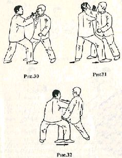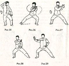 при этом ладонь правой руки направлена вверх. Одновременно с движением рук перенесите центр тяжести на левую ногу, а правой сделайте шаг вправо. Взгляд направлен вправо – вперёд. Движение выполняется на фазе выдоха (рис. 26). Поворачиваясь направо, переместите вес тела на правую ногу. Правую руку поднимите немного вверх и сделайте вдох (рис. 27). Правую руку поверните вдоль продольной оси против часовой стрелки, и левую руку опустите вниз до уровня поясницы и расположите перед животом. Движение выполняется на фазе выдоха (рис. 28). Поверните корпус направо и, делая выдох, переместите правую руку вправо. При этом пальцы правой кисти должны быть направлены вверх. Левую ладонь уприте в левый бок. Завершите выдох (рис. 29).Применение. Противник, делая шаг правой ногой вперёд, атакует прямым ударом правым кулаком в голову. Сделайте правой ногой шаг влево – вперёд, ставя её рядом с правой ногой противника. Одновременно правой рукой отведите его атакующую руку вправо от себя, а левой рукой контролируйте плечо правой руки противника (рис. 30). Теперь надавите на руку противника своей правой рукой и сделайте шаг правой ногой вперёд, ставя её между его ног. Правым плечом упритесь в подмышку противника (рис. 31). Если противник сделает шаг назад, быстро подшагннте правой ногой к его левой ноге, блокируя ее, и контратакуйте, нанося удар локтём в область плавающих рёбер (рис. 32).
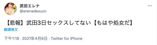 因为她发文的内容实在很猛,大家可以看看她昨天发了什么ー没有宣传自己解禁肛肛好的作品,而是悲伤地宣布自己3天没爱爱了ー没错,人家冲人气是放美美的照片开直播聊天,武田エレナ(武田绘玲奈)是每天和大家报告自己做了什么,像4月2日她就说自己自慰了4次〜
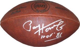 After graduating from Notre Dame with a degree in business, Paul Hornung was the first selection overall in the 1957 NFL Draft. He was taken by the Green Bay Packers, with whom he would go on to win four league championships, including the first ever Super Bowl in January 1967. As a pro, Hornung was one of the most versatile players in the history of the game, playing the halfback position as well as being a field goal kicker for several seasons. Hornung led the league in scoring for three straight seasons from 1959-61. Hornung was twice voted the league’s MVP and was chosen as an All-Pro twice and named to the Pro Bowl twice. He is one of only five players to have won both the Heisman Trophy and the NFL's Most Valuable Player Award. Paul Hornung has hand autographed this Official NFL Duke Throwback Football with HOF86 inscription. Photo of the signing, RS Hologram and Certificate of Authenticity from Athlon Sports.
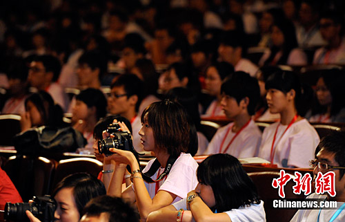 7月6日晚,全國臺聯“2010年臺胞青年千人夏令營”在北京京西賓館大禮堂開營。來自島內、海外的千余名臺胞青年匯聚于此,開啟暑期大陸之旅。圖為臺灣學生被精彩的表演吸引。中新社發 劉震 攝
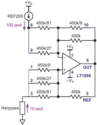 LT1996 используется в качестве программируемого источника втекающего/ вытекающего тока; в данном случае опорный ток делится на 10
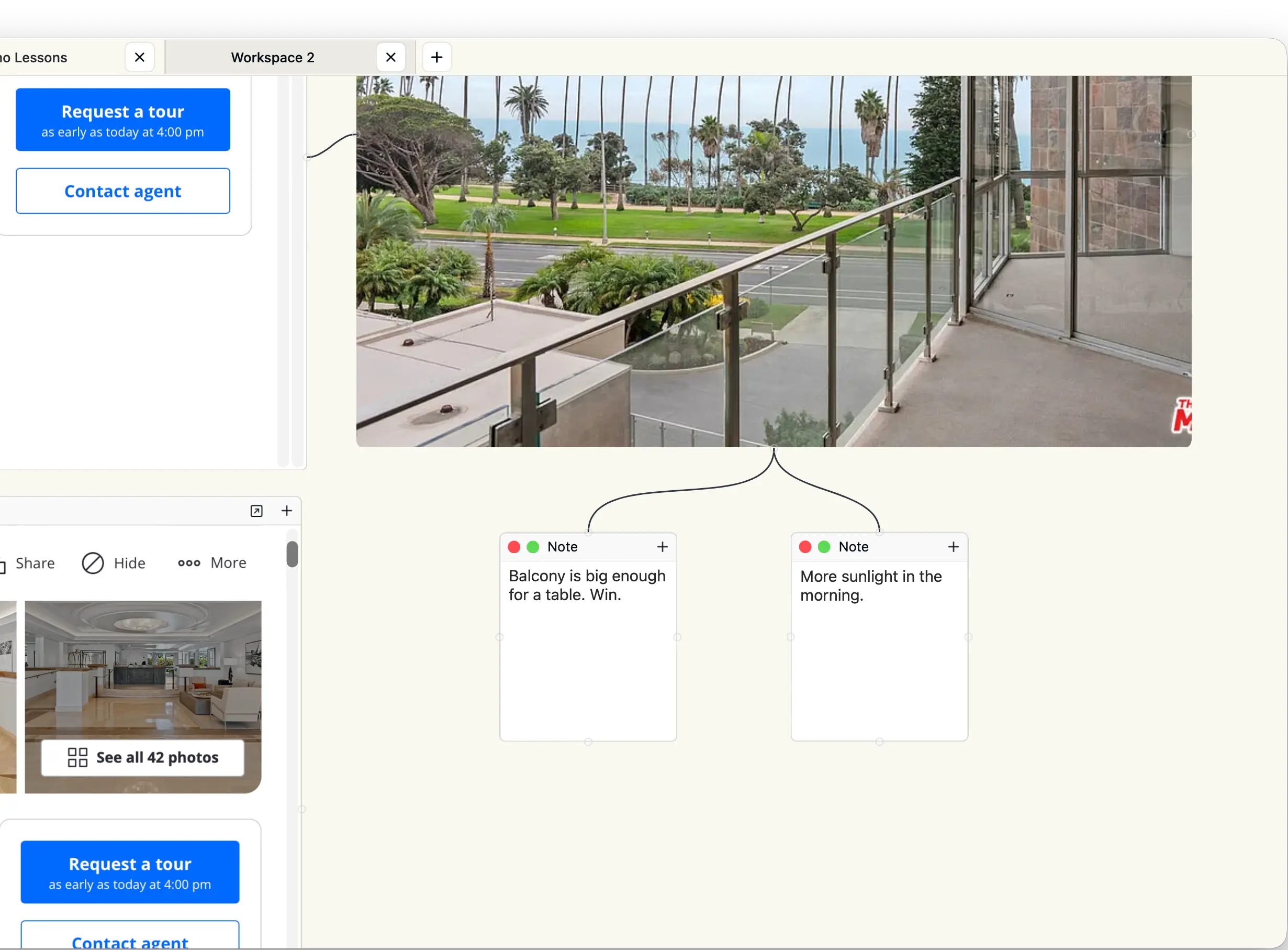 Place as many browsers, images, or documents as you need on a single, sprawling canvas
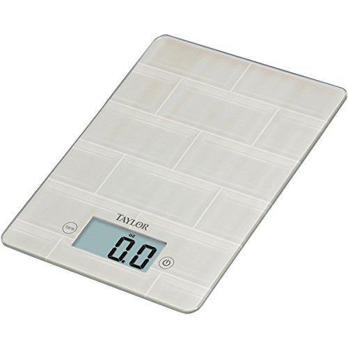 This Taylor glass top kitchen scale has an 11 lb/5kg capacity weighing in 0.1 oz or 1 gram increments. The subway tile look glass top resists stains and flavor carryover. Includes tare weight and auto/manual shutoff features. Battery included.3812TL
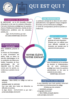 Vous trouverez ici l'organigramme de notre établissement pour l'année scolaire 2025-2026 ainsi que le livret de présentation à l'attention des futurs élèves de 6ème
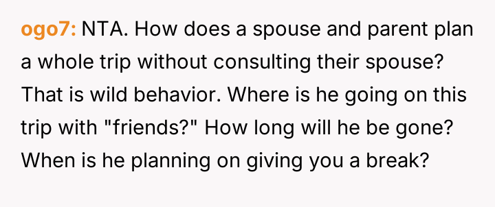 The central conflict arises from the husband prioritizing his uncommunicated desire for a personal break over the shared commitment and mutual decision-making expected in their marriage, leading the OP to react emotionally to this perceived exclusion and lack of consideration.

#### What you need to do
The full listing, transcribed exactly and without its pictures, is the expected result.

#### Output
 при этом ладонь правой руки направлена вверх. Одновременно с движением рук перенесите центр тяжести на левую ногу, а правой сделайте шаг вправо. Взгляд направлен вправо – вперёд. Движение выполняется на фазе выдоха (рис. 26). Поворачиваясь направо, переместите вес тела на правую ногу. Правую руку поднимите немного вверх и сделайте вдох (рис. 27). Правую руку поверните вдоль продольной оси против часовой стрелки, и левую руку опустите вниз до уровня поясницы и расположите перед животом. Движение выполняется на фазе выдоха (рис. 28). Поверните корпус направо и, делая выдох, переместите правую руку вправо. При этом пальцы правой кисти должны быть направлены вверх. Левую ладонь уприте в левый бок. Завершите выдох (рис. 29).Применение. Противник, делая шаг правой ногой вперёд, атакует прямым ударом правым кулаком в голову. Сделайте правой ногой шаг влево – вперёд, ставя её рядом с правой ногой противника. Одновременно правой рукой отведите его атакующую руку вправо от себя, а левой рукой контролируйте плечо правой руки противника (рис. 30). Теперь надавите на руку противника своей правой рукой и сделайте шаг правой ногой вперёд, ставя её между его ног. Правым плечом упритесь в подмышку противника (рис. 31). Если противник сделает шаг назад, быстро подшагннте правой ногой к его левой ноге, блокируя ее, и контратакуйте, нанося удар локтём в область плавающих рёбер (рис. 32).
 因为她发文的内容实在很猛,大家可以看看她昨天发了什么ー没有宣传自己解禁肛肛好的作品,而是悲伤地宣布自己3天没爱爱了ー没错,人家冲人气是放美美的照片开直播聊天,武田エレナ(武田绘玲奈)是每天和大家报告自己做了什么,像4月2日她就说自己自慰了4次〜
 After graduating from Notre Dame with a degree in business, Paul Hornung was the first selection overall in the 1957 NFL Draft. He was taken by the Green Bay Packers, with whom he would go on to win four league championships, including the first ever Super Bowl in January 1967. As a pro, Hornung was one of the most versatile players in the history of the game, playing the halfback position as well as being a field goal kicker for several seasons. Hornung led the league in scoring for three straight seasons from 1959-61. Hornung was twice voted the league’s MVP and was chosen as an All-Pro twice and named to the Pro Bowl twice. He is one of only five players to have won both the Heisman Trophy and the NFL's Most Valuable Player Award. Paul Hornung has hand autographed this Official NFL Duke Throwback Football with HOF86 inscription. Photo of the signing, RS Hologram and Certificate of Authenticity from Athlon Sports.
 7月6日晚,全國臺聯“2010年臺胞青年千人夏令營”在北京京西賓館大禮堂開營。來自島內、海外的千余名臺胞青年匯聚于此,開啟暑期大陸之旅。圖為臺灣學生被精彩的表演吸引。中新社發 劉震 攝
 LT1996 используется в качестве программируемого источника втекающего/ вытекающего тока; в данном случае опорный ток делится на 10
 Place as many browsers, images, or documents as you need on a single, sprawling canvas
 This Taylor glass top kitchen scale has an 11 lb/5kg capacity weighing in 0.1 oz or 1 gram increments. The subway tile look glass top resists stains and flavor carryover. Includes tare weight and auto/manual shutoff features. Battery included.3812TL
 Vous trouverez ici l'organigramme de notre établissement pour l'année scolaire 2025-2026 ainsi que le livret de présentation à l'attention des futurs élèves de 6ème
 The central conflict arises from the husband prioritizing his uncommunicated desire for a personal break over the shared commitment and mutual decision-making expected in their marriage, leading the OP to react emotionally to this perceived exclusion and lack of consideration.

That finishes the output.